[Given records Boundary: Start]
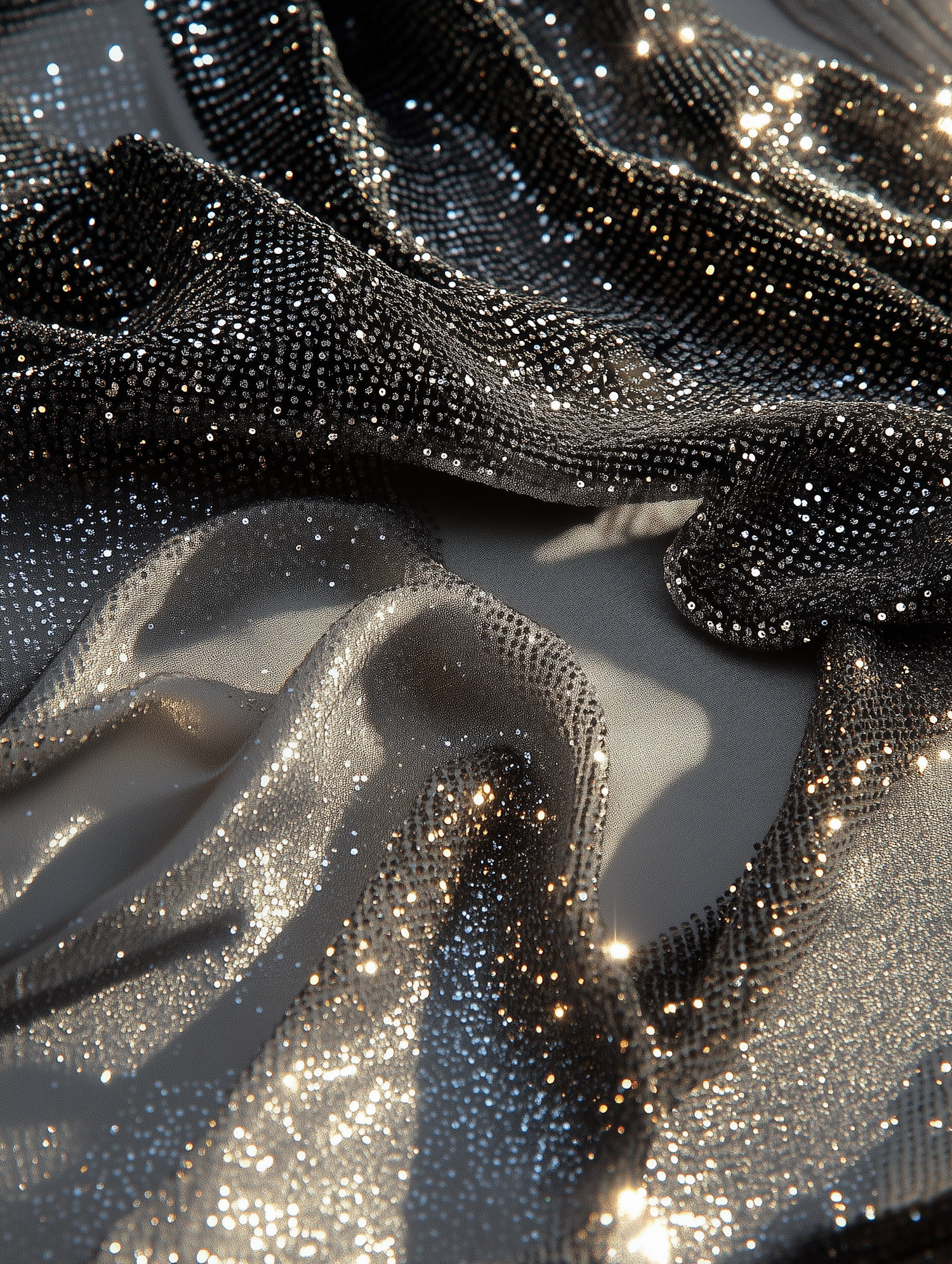 Luxurious sequined fabric draped elegantly, reflecting light with a dazzling effect. Rich dark color enhances its opulent appearance.
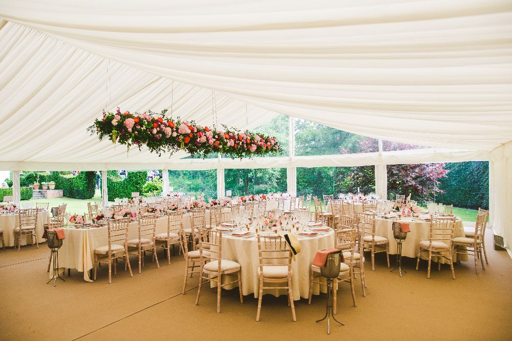 We don't usually blow our own trumpet - but how GORGEOUS is the hanging floral installation in the marquee (AKA The Floral Caterpillar!)?
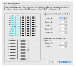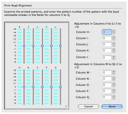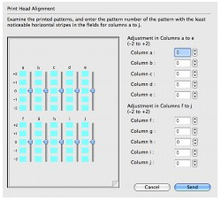 (4) Look at the printout, select the pattern numbers in columns H to Q respectively that have the least noticeable streaks, then click Send.
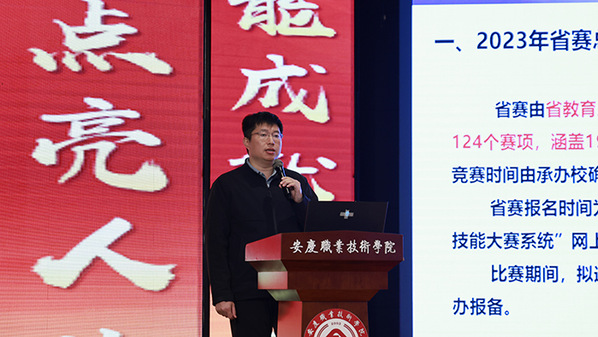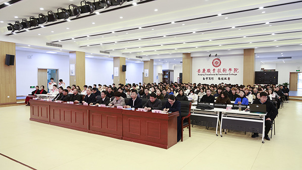 为更好备战2023年安徽省职业院校技能大赛,做好赛前各项准备工作,11月28日下午,伟德官网在实训楼多功能厅召开2023年安徽省职业院校技能大赛动员会,校党委书记童宏葵出席会议并为国赛获奖师生颁奖,校党委副书记、校长毕明生出席会议并作动员讲话。会议由校党委委员、组织部部长、组织人事处处长高润霞主持。各教学院部院长(主任)、副院长(副主任)、2023年省赛备赛师生、教务处相关人员参加会议。
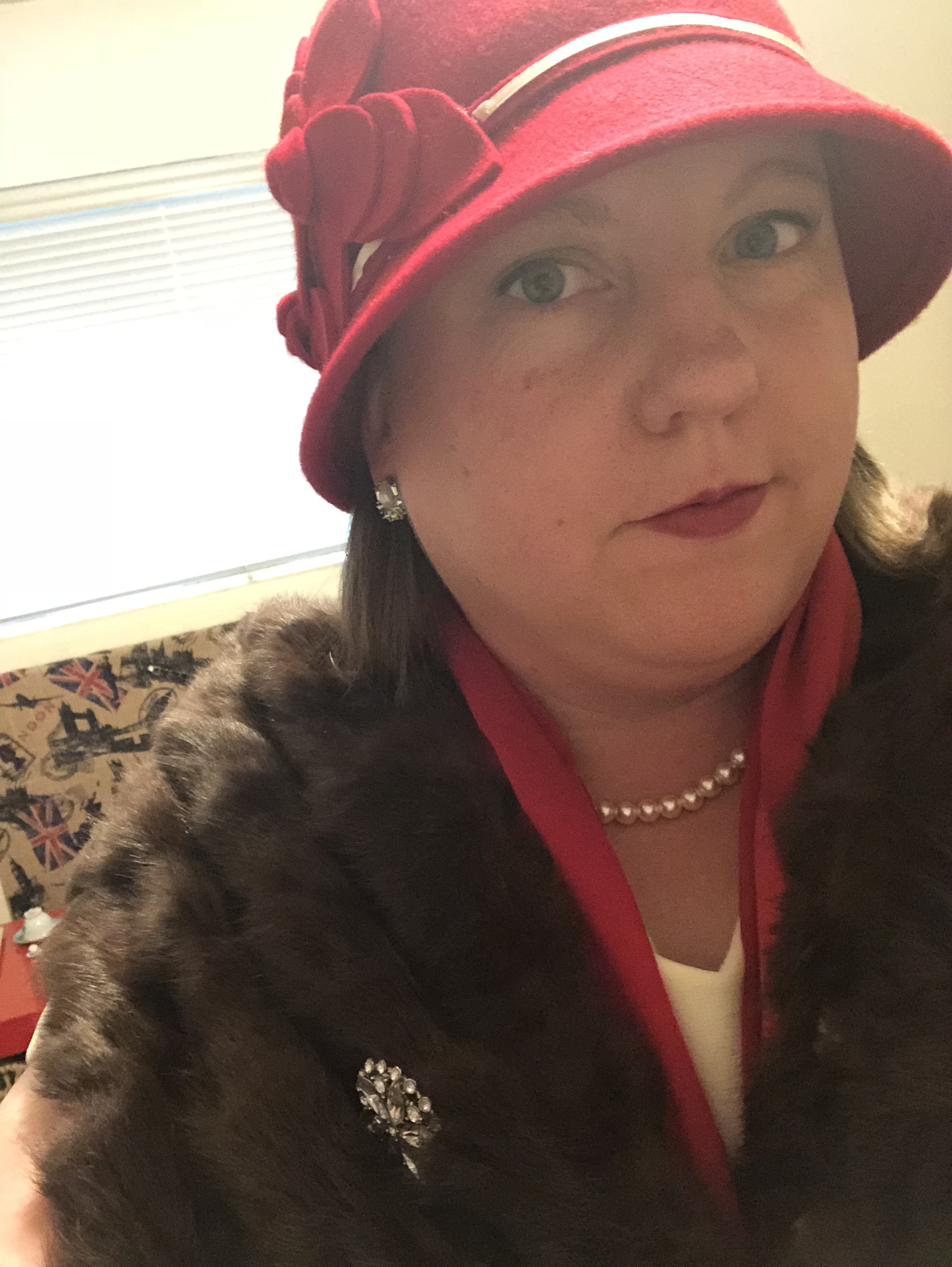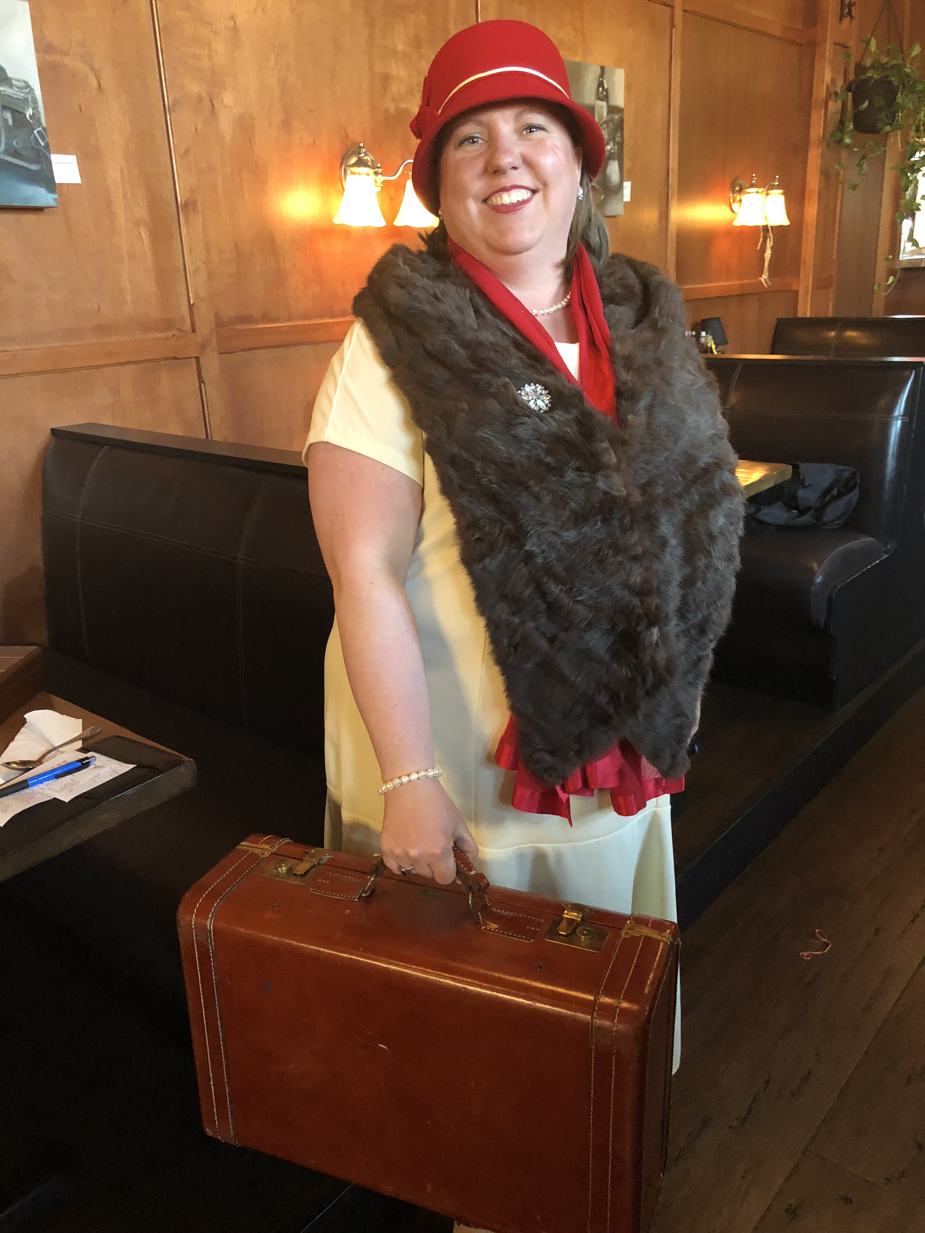 Costume wise, I’m wearing an antique fur from New Zealand. The red scarf is Calvin Klein, the cloche hat is Nine West, and my shoes are a thrifted pair of Naturalizer heels (comfort in costuming!). My suitcase and purse are also antiques. The dress is handmade.
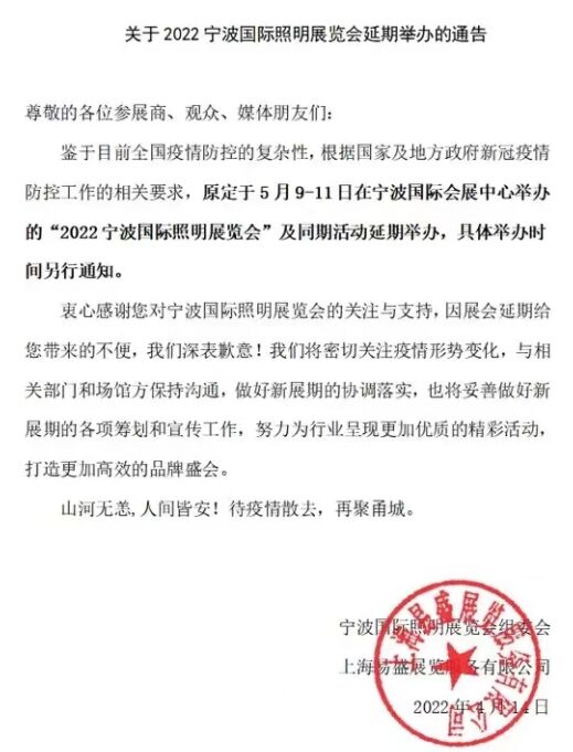 鑒于目前全國(guó)疫情防控的復(fù)雜性,根據(jù)國(guó)家及地方政府新冠疫情防控工作的相關(guān)要求,原定于5月9-11日在寧波國(guó)際會(huì)展中心舉辦的“2022寧波國(guó)際照明展覽會(huì)”及同期活動(dòng)延期舉辦,具體舉辦時(shí)間另行通知。
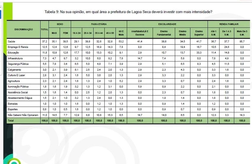 A pesquisa foi feita no último dia 07 de abril e ouviu 400 moradores de Lagoa Seca, de idade entre 16 e 65 anos em todas as regiões do município.
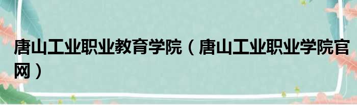 唐山工业职业教育学院(唐山工业职业学院官网)
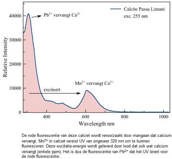 5.1 Calciet, wit en uv-licht en fluorescentiespectrum, Axel Emmermann
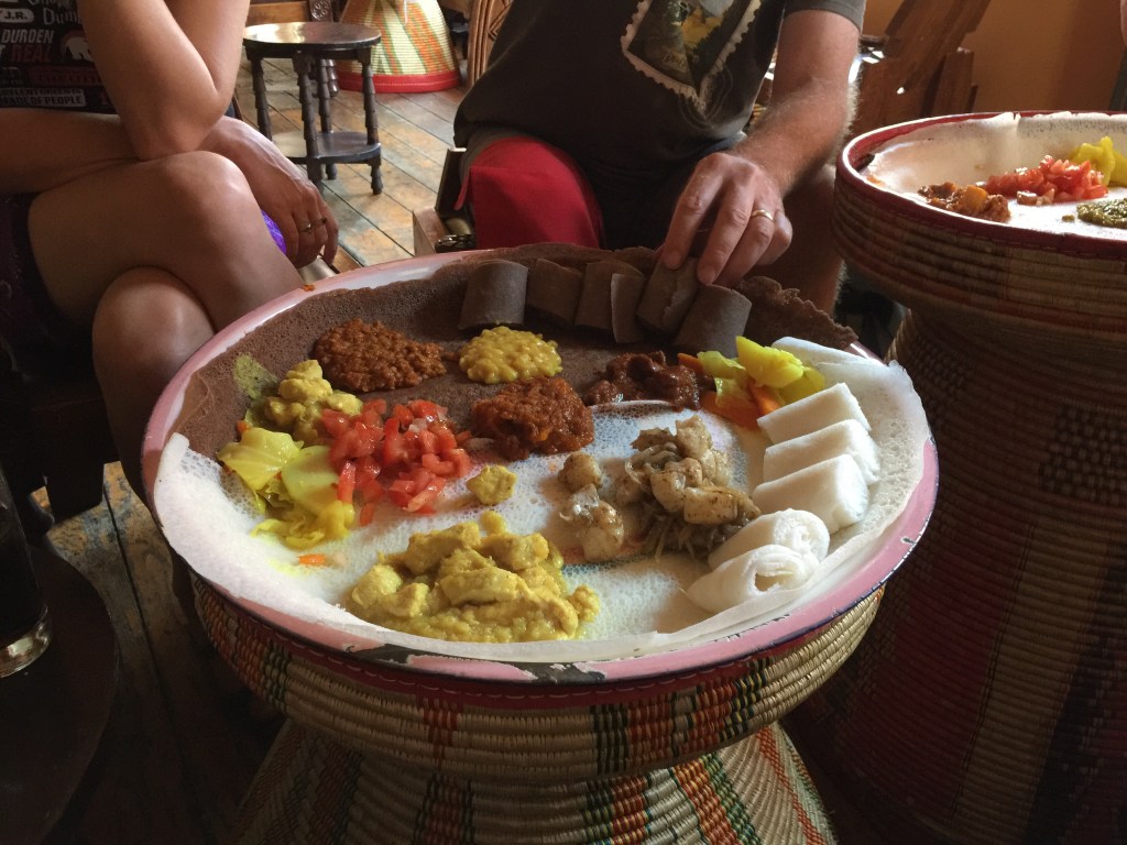 I managed to find everything I was looking for plus a bonus parting gift for Arran and Roz of a guinea fowl which had become a running joke during the long tour. For lunch Roz suggested we try Ethiopian cuisine so this was another first. I went for a mix combination of chicken and fish.
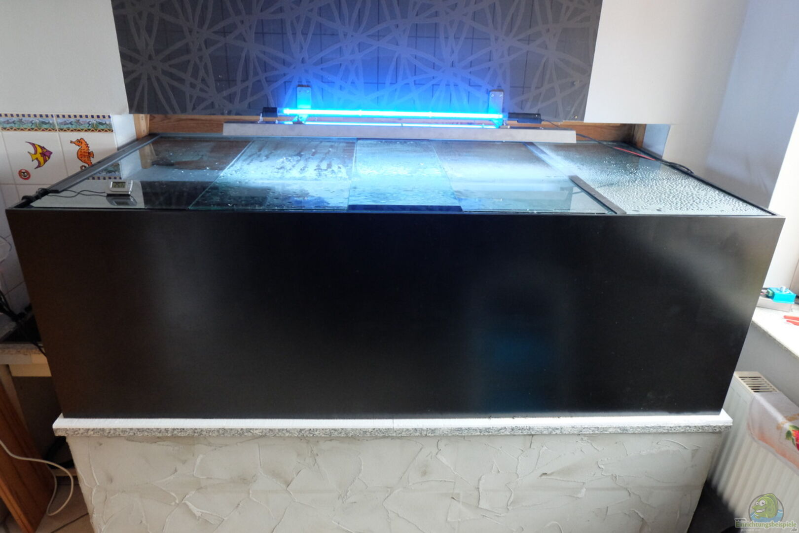 Becken ist in die Wand eingelassen.Es besteht Komplett aus 15 mm Glas.Rück und Seitenscheiben sind schwarz lackiert.Front in Weissglas. Danke noch mal an Aquarienbau Enningerloh!
[Given records Boundary: End]
The whole listing above needs to be copied exactly; please keep the pictures out.

 Luxurious sequined fabric draped elegantly, reflecting light with a dazzling effect. Rich dark color enhances its opulent appearance.
 We don't usually blow our own trumpet - but how GORGEOUS is the hanging floral installation in the marquee (AKA The Floral Caterpillar!)?
 (4) Look at the printout, select the pattern numbers in columns H to Q respectively that have the least noticeable streaks, then click Send.
 为更好备战2023年安徽省职业院校技能大赛,做好赛前各项准备工作,11月28日下午,伟德官网在实训楼多功能厅召开2023年安徽省职业院校技能大赛动员会,校党委书记童宏葵出席会议并为国赛获奖师生颁奖,校党委副书记、校长毕明生出席会议并作动员讲话。会议由校党委委员、组织部部长、组织人事处处长高润霞主持。各教学院部院长(主任)、副院长(副主任)、2023年省赛备赛师生、教务处相关人员参加会议。
 Costume wise, I’m wearing an antique fur from New Zealand. The red scarf is Calvin Klein, the cloche hat is Nine West, and my shoes are a thrifted pair of Naturalizer heels (comfort in costuming!). My suitcase and purse are also antiques. The dress is handmade.
 鑒于目前全國(guó)疫情防控的復(fù)雜性,根據(jù)國(guó)家及地方政府新冠疫情防控工作的相關(guān)要求,原定于5月9-11日在寧波國(guó)際會(huì)展中心舉辦的“2022寧波國(guó)際照明展覽會(huì)”及同期活動(dòng)延期舉辦,具體舉辦時(shí)間另行通知。
 A pesquisa foi feita no último dia 07 de abril e ouviu 400 moradores de Lagoa Seca, de idade entre 16 e 65 anos em todas as regiões do município.
 唐山工业职业教育学院(唐山工业职业学院官网)
 5.1 Calciet, wit en uv-licht en fluorescentiespectrum, Axel Emmermann
 I managed to find everything I was looking for plus a bonus parting gift for Arran and Roz of a guinea fowl which had become a running joke during the long tour. For lunch Roz suggested we try Ethiopian cuisine so this was another first. I went for a mix combination of chicken and fish.
 Becken ist in die Wand eingelassen.Es besteht Komplett aus 15 mm Glas.Rück und Seitenscheiben sind schwarz lackiert.Front in Weissglas. Danke noch mal an Aquarienbau Enningerloh!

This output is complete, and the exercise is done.